DIRECTIONS:
What you return should be only the lines in the entries below between the one holding "Shippozz 10×13 Poly" and the one holding "Uutena ostettu, yhden", ends included, with every picture left out.

DATA:
* * * * *

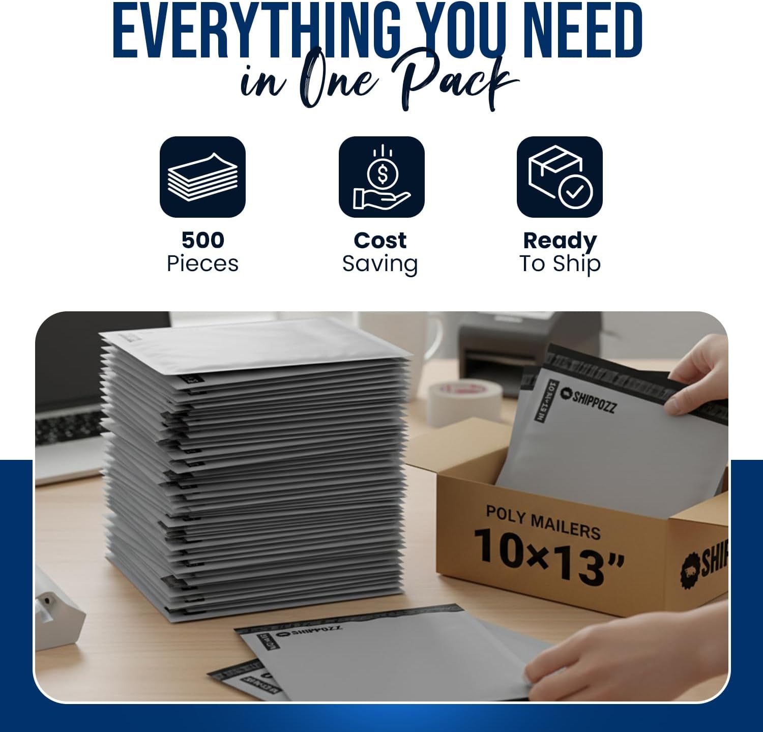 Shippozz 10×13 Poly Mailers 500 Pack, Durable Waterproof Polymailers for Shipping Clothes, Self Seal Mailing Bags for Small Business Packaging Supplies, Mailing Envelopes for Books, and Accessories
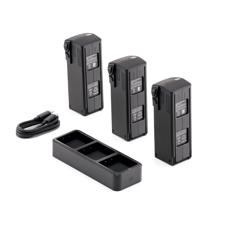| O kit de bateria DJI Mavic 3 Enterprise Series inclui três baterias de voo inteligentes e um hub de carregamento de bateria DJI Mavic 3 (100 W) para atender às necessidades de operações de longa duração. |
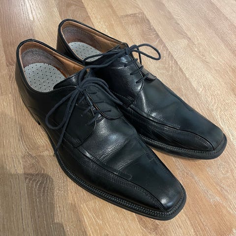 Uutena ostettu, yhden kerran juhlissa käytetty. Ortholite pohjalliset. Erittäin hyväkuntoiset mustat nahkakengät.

* * * * *

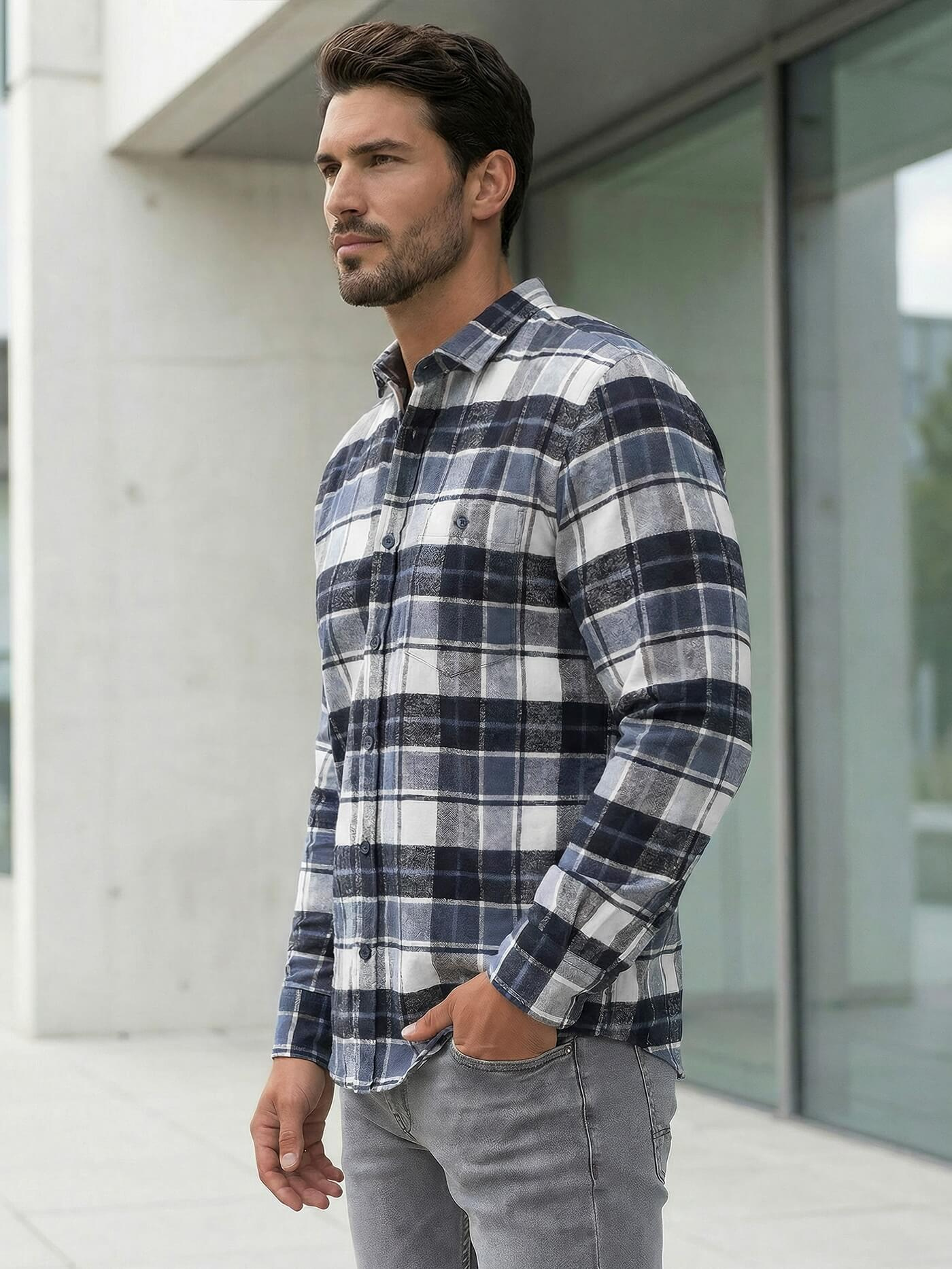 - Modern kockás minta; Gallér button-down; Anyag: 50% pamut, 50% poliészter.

* * * * *

ANSWER TO THE EXERCISE:
 Shippozz 10×13 Poly Mailers 500 Pack, Durable Waterproof Polymailers for Shipping Clothes, Self Seal Mailing Bags for Small Business Packaging Supplies, Mailing Envelopes for Books, and Accessories
| O kit de bateria DJI Mavic 3 Enterprise Series inclui três baterias de voo inteligentes e um hub de carregamento de bateria DJI Mavic 3 (100 W) para atender às necessidades de operações de longa duração. |
 Uutena ostettu, yhden kerran juhlissa käytetty. Ortholite pohjalliset. Erittäin hyväkuntoiset mustat nahkakengät.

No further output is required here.